Freshness

Use cases

Freshness monitors can easily address two use cases:

  • Alert if a table has gone an unusually long without an update. Automatic thresholds are ideal for this.
  • Alert if a table must be updated by a particular time. For example, if executives expect their dashboards to be updated by 8:00AM, and the jobs that update those dashboards run once/day at 7:40AM, then set a check at 7:55AM. This context is highly business-specific and so manual thresholds are recommended.

Interacting with freshness monitors

Freshness monitors are managed from Assets. From the Freshness section on the Assets > Summary page, users can see the current threshold, adjust the sensitivity, switch to a manual threshold, or disable freshness monitoring from the Freshness widget.

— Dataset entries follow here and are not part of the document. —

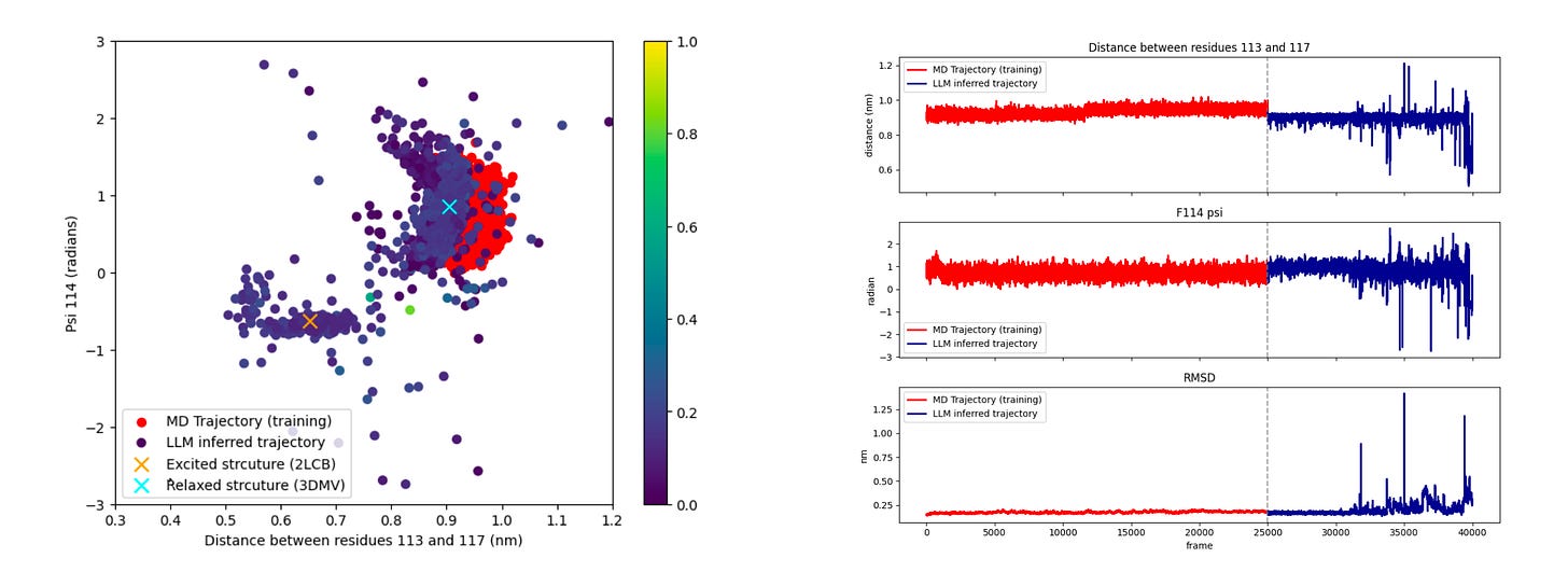 Trained on short MD trajectories from a single conformational state of T4 lysozyme, MD-LLM-1 still discovered the alternative state. From the L99A native state (97 percent population), it generated excited state structures with 113-117 residue distances of 0.5 nm and ψ angles of -0.75 radians, matching the 3% excited state.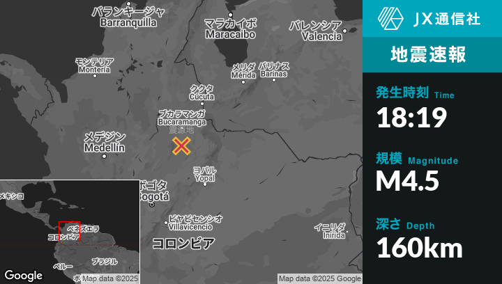 3月15日 18:19頃、コロンビアのVillanuevaから東3kmの地点でM4.5の地震がありました。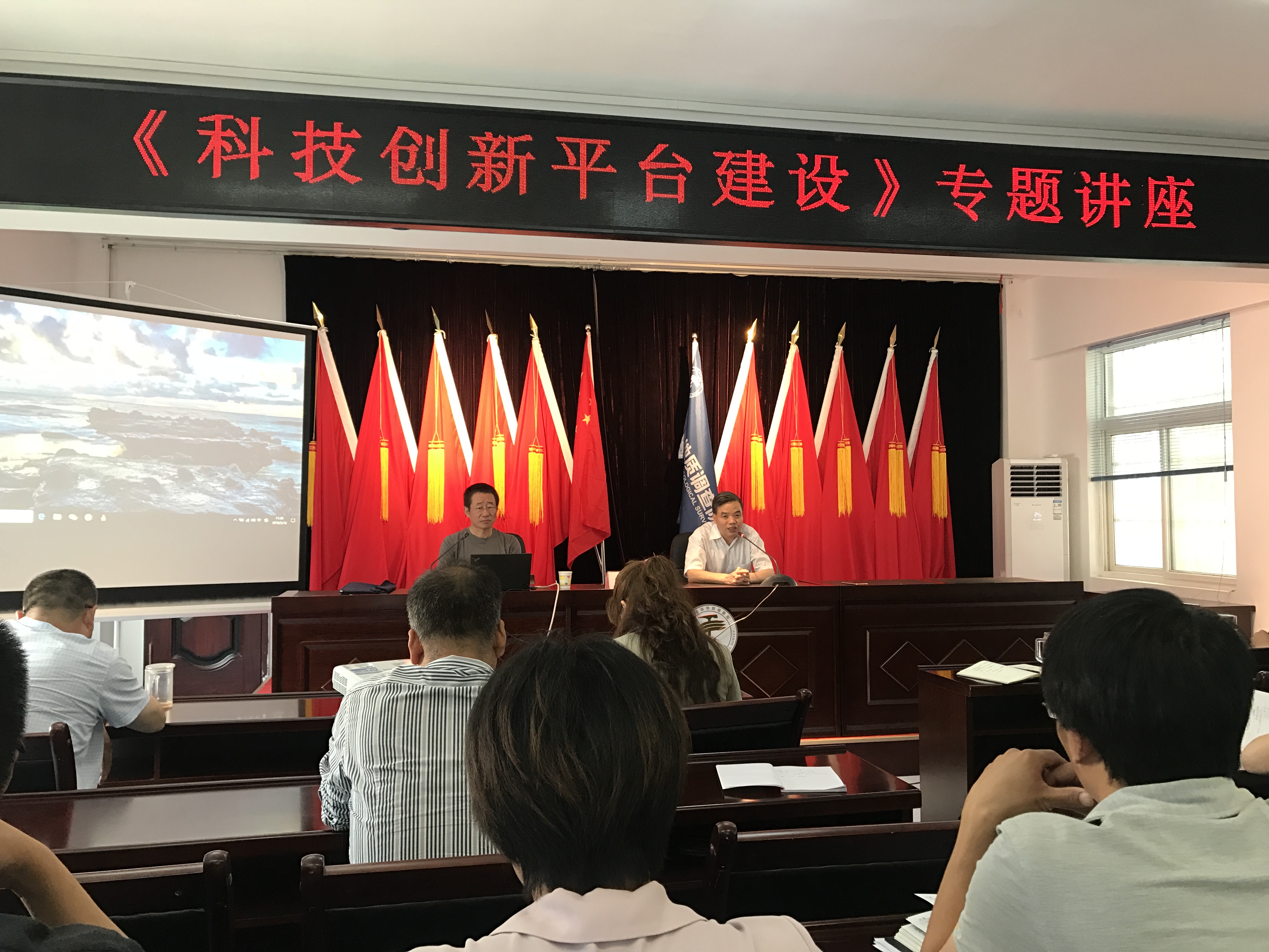 为加快推动我院科技创新平台建设相关工作,2018年5月16日,自然资源部重点实验室与野外科学观测研究基地办公室张辉旭副主任应邀赴我院开展专题讲座。省国土厅、省地调院、省属地勘单位及高校相关负责人及专业技术人员60余人参加学习。会议由省地调院总工程师宁奎斌主持。
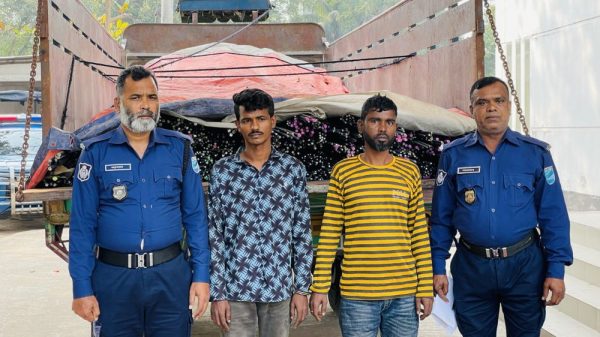 টাঙ্গাইলের মির্জাপুরে ট্রাক ও ১৪ টন রডসহ ডাকাতচক্রের দুই সদস্যকে গ্রেপ্তার করেছে পুলিশ। ঢাকার সাভার উপজেলার যাদুরচড় এলাকা থেকে তাদের গ্রেপ্তার করা হয়। শনিবার সন্ধ্যায় (২৪ জানুয়ারি) মির্জাপুর থানার পরিদর্শক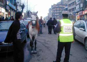 At sürücüsü Haytanın, "Böyle bir şey mi olur" sözlerine karşılık, duruma çözüm bulan polisler, atın cinsini öğrenerek, sahibinin kimlik bilgilerine 45 YTL 80 kuruş ceza kestiler.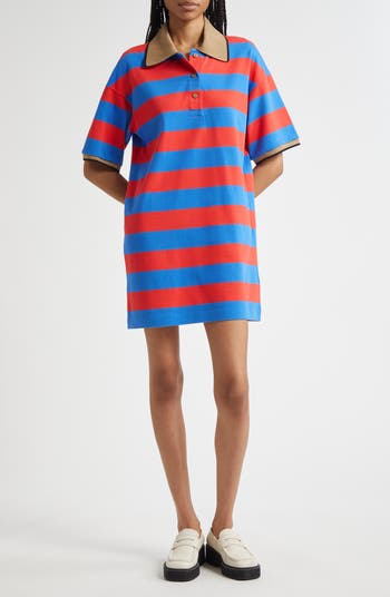 Chunky stripes and contrast trim give a retro look to this cotton polo tunic.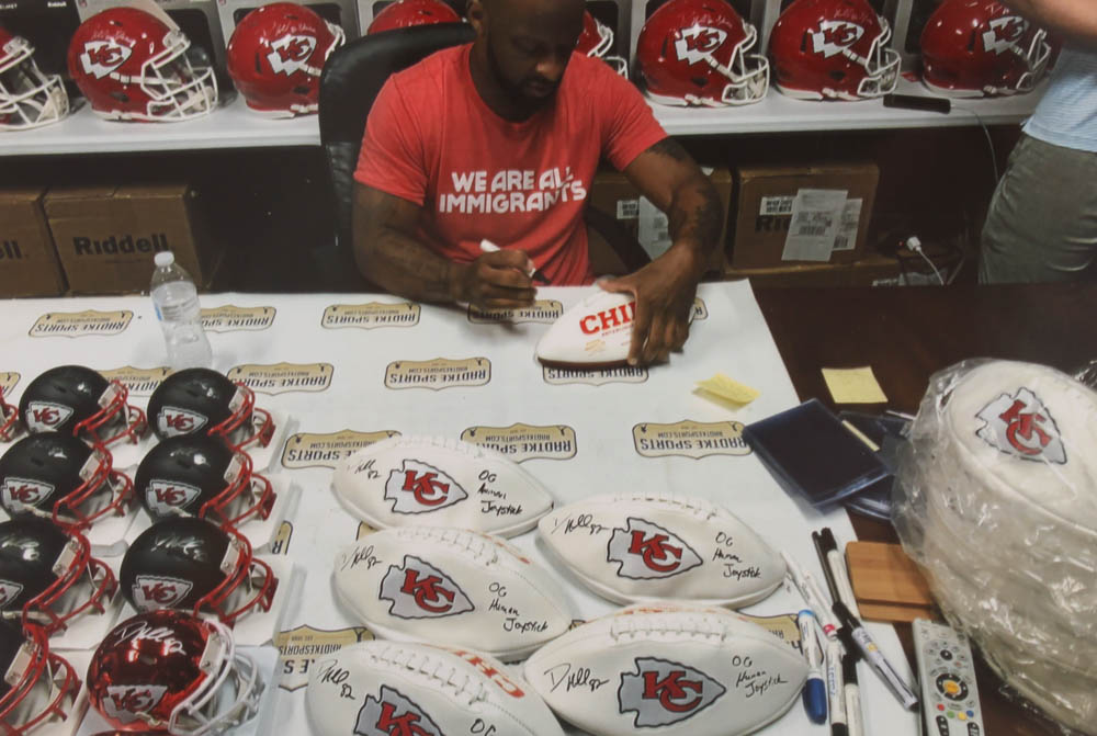 Kansas City Chiefs logo football. Hand-signed in black felt-tip pen by Dante Hall.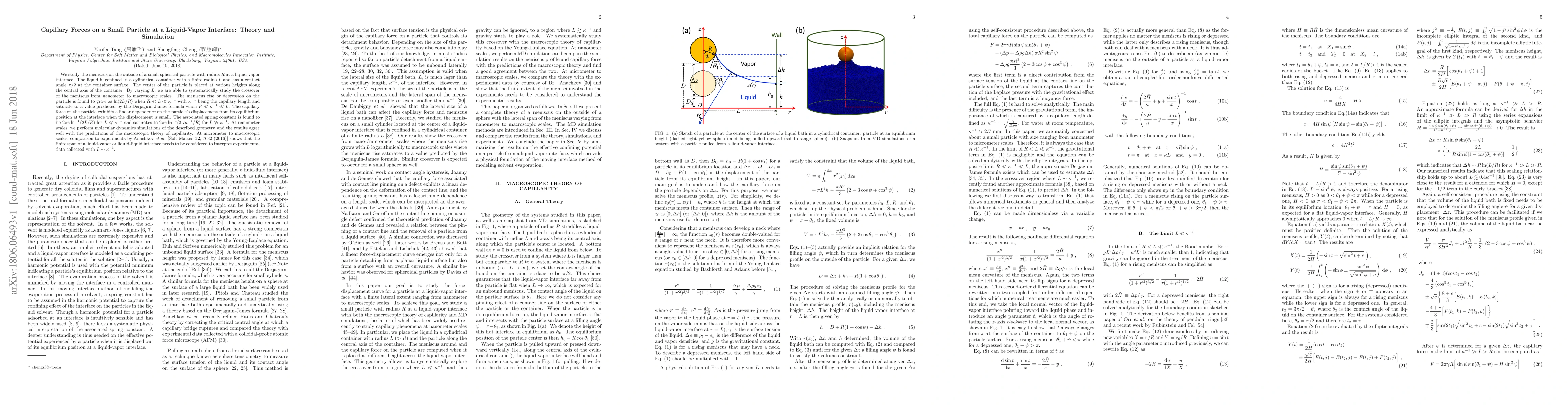This paper investigates the capillary forces acting on a small spherical particle at a liquid-vapor interface, finding that meniscus rise grows logarithmically with container radius and saturates according to the Derjaguin-James formula. Molecular dynamics simulations corroborate macroscopic theory predictions at nanometer scales.

The Freshness section on Assets > Summary

The Freshness section on Assets > Summary

Click View Details and then Edit to adjust the alert threshold

Users can select between automated or explicit (manual) thresholds, or choose to disable freshness monitoring. For automated thresholds, users can select between low, medium, and high sensitivity. Learn more about how the machine learning for freshness works here.

For explicit thresholds, users must indicate an alert condition and how often the check should run.

Common configurations for explicit thresholds

Example 1:

Executives expect their dashboards to be updated by 8:00AM, and the jobs that update those dashboards run once/day at 7:40AM.

Suggested configuration:

  • Notify when the table has not updated within the last: 1 hour
  • Check every 1 day, starting at [today] 7:55AM

This will check every day at 7:55AM that the 7:40AM job has completed before your internal deadline of 8AM. If the 7:40AM job had not yet completed, an Incident would be created and a notification would be sent.

Example 2:

A table that contains events from your web app updates irregularly. Sometimes it updates hourly, but there are also frequent gaps of 4-6 hours. You know it is a problem if that table ever goes more than 6 hours without an update, but the machine learning is a bit too desensitized.

Suggested configuration:

  • Notify when the table has not updated within the last: 6 hours
  • Check every 1 hour, starting at [today] 00:00AM

This will check every 1 hour that the table has received an update in the trailing 6 hours. If the table ever goes more than 6 hours without an update, an Incident would be created and a notification would be sent.

Notifications

For purposes of routing notifications, the incidents from Freshness monitors are freshness anomalies.

Freshness rules

Up through February 2024, users had the ability to create Freshness Rules. These were standalone rules that set explicit Freshness expectations for a table, completely separated from the freshness monitor described above.

Freshness Rules will eventually be deprecated, in favor of managing Freshness in a single place in Assets. However, many customers still have full-functioning Freshness Rules configured on their Monitors page, and some customers can still create Freshness Rules through the UI and Monitors as Code.